Dataset section>
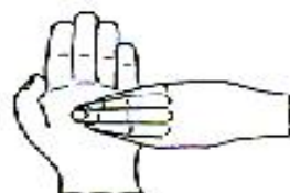
6.指尖在掌心中搓擦
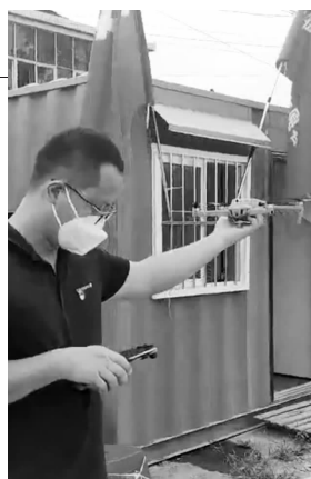
工作人员用无人机进行防控巡逻
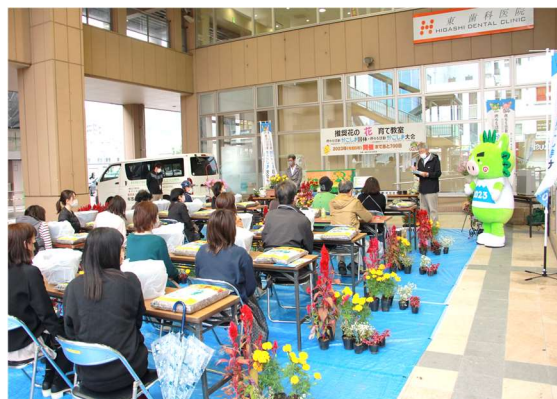
（市主催）推奨花の花育て教室
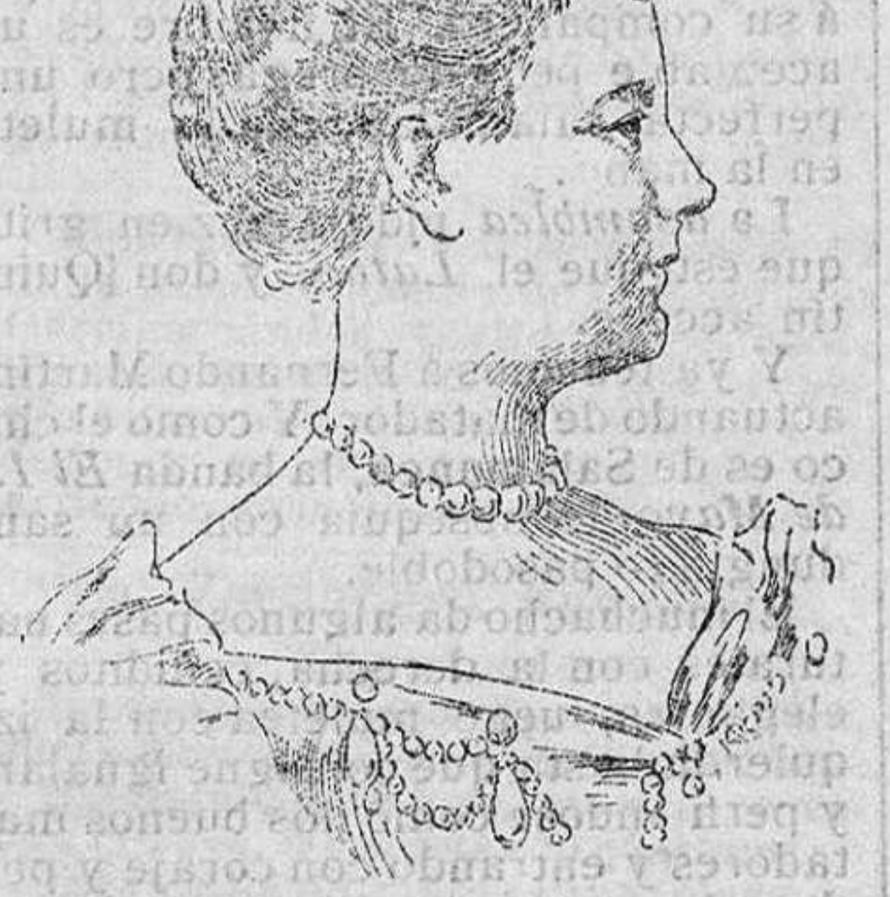
La reina Guillermina.

About this task> Write out only the lines from the line containing "工作人员用无人机进行防控巡逻" through the end of the material above, both end lines included. Pictures are not written out.

Task answer>
工作人员用无人机进行防控巡逻
（市主催）推奨花の花育て教室
La reina Guillermina.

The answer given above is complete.